Web MD Penne with Creamy Tomato Vodka Sauce
By ginasheppard
Ingredients
- 1 (16 ounce) package whole-wheat blend penne pasta (i.e. Barilla Plus®)
- 2 tablespoons extra virgin olive oil
- 3/4 cup chopped sweet onion
- 1 tablespoon minced or chopped garlic
- 28 ounce can Italian-style diced tomatoes (or similar)
- 1 teaspoon crushed red pepper (optional)
- 3/4 cup chopped fresh basil
- Salt and pepper to taste
- 1/4 cup vodka
- 1 cup fat free half and half
- 1 cup low fat milk
- 1/2 cup shredded or grated Parmesan cheese
Details
Servings 6
Preparation
Step 1
Start a large pot of lightly salted water boiling. Add the pasta and cook for 8 to 10 minutes or until al dente.

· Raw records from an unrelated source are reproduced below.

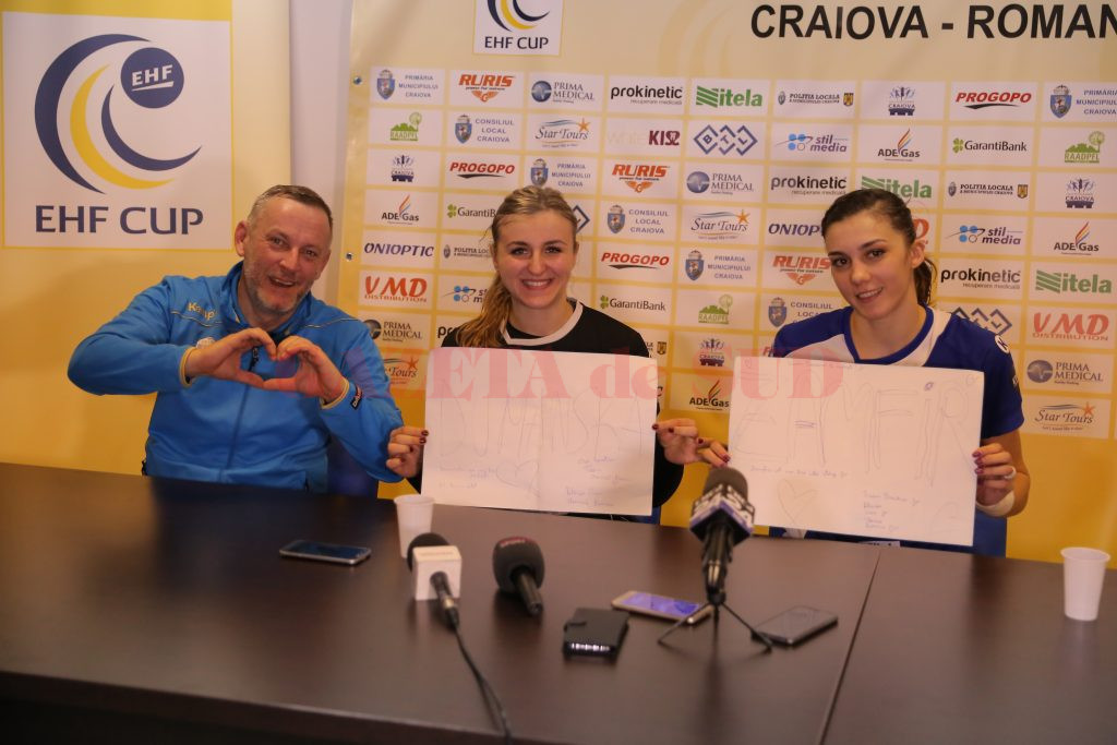 La conferinţa de presă de la finalul meciului, jucătoarele Yulia Dumanska şi Cristina Florianu au venit cu bannere cu mesaje de la fani, pe care le-au arătat.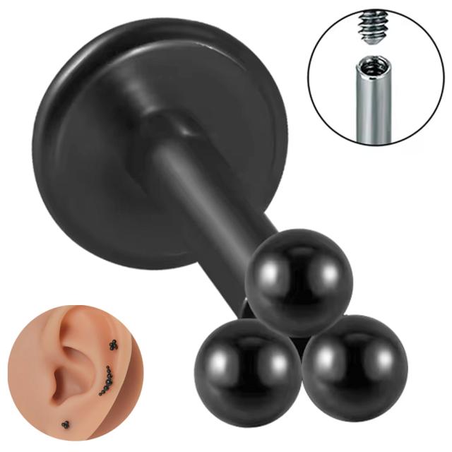 [ 16G 内ネジ ボディピアス ] ブラックインターナルラブレット(トリプルボール) ボディーピアス 1個販売 16ゲージ 逆ネジ 黒色色 ステンレス メンズ レディース インタナリータイプ シンプル 痛くない ファーストピアス ボール 玉 球体 3個 3連 小さい 小さめ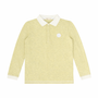 Long sleeve shirt with contrast color collar and logo detail. Comes in blue, white, and yellow.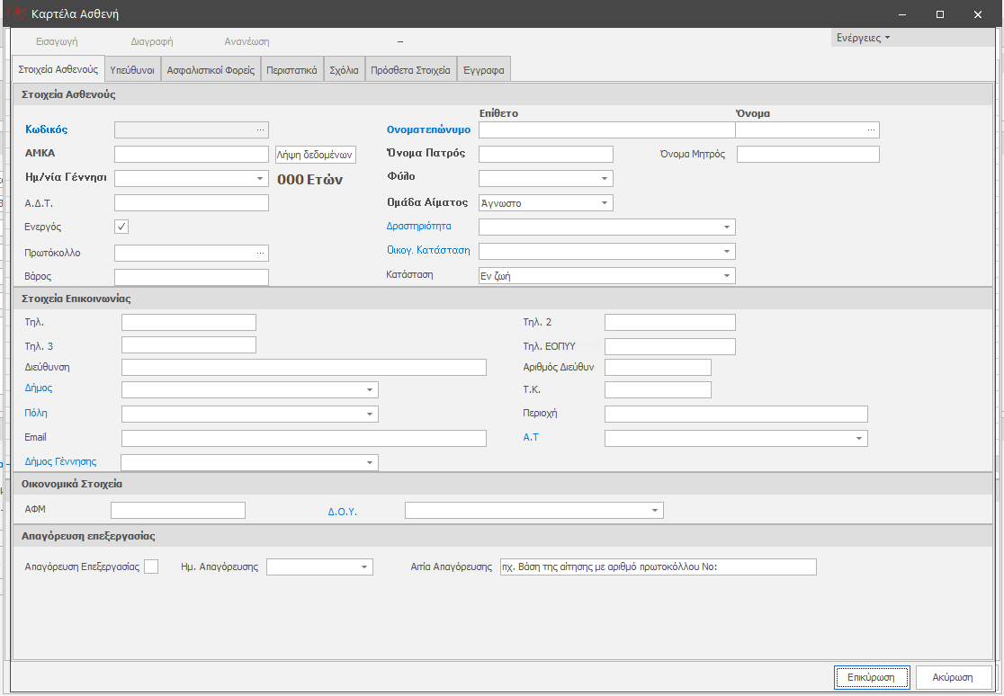 1. Στοιχεία Ασθενούς Εδώ προσθέτουμε τα στοιχεία του ασθενή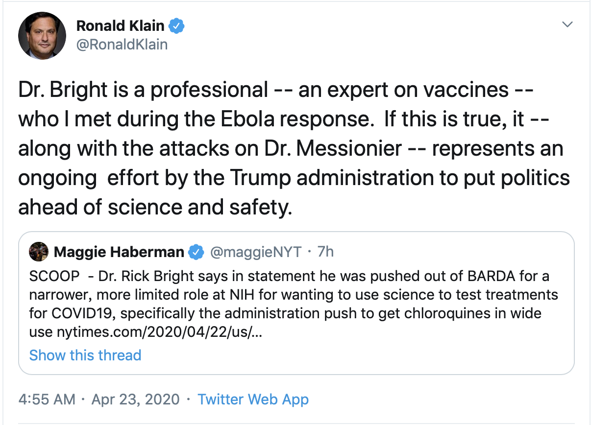 曾領導美國政府2014年埃博拉疫情應對的羅納德·克萊恩在社交媒體上支持布萊特:“布萊特博士是疫苗方面的專家,如果這(布萊特被調職的原因)是真的,説明特朗普政府一直致力於將政治凌駕於科學和安全之上。”

Drain the noodles in a colander.
Meanwhile, start heating the olive oil in a large, nonstick skillet over medium heat. Add the onion and garlic and sauté until tender (about 2-3 minutes). Stir in the canned tomatoes (breaking up the tomatoes with a fork if using canned whole tomatoes). Stir in the crushed red pepper (if desired), basil, salt and pepper, bring to a gentle boil, then reduce heat to simmer and let cook for 8-10 minutes more.
Stir in the vodka and simmer 10 minutes more. Stir the fat-free half-and-half and milk into the tomato mixture and let the mixture simmer another 8-10 minutes. Toss the sauce with the hot penne pasta and sprinkle each serving with Parmesan cheese.
Yield:
Makes 6 servings
Nutritional Information:
per serving: 420 calories, 20 g protein, 70 g carbohydrate, 7 g fat, 1.8 g saturated fat, 3.6 g monounsaturated fat, 1 g polyunsaturated fat, 6 mg cholesterol, 10.5 g fiber, 320 mg sodium (not included any salt to taste). Calories from fat: 14 percent.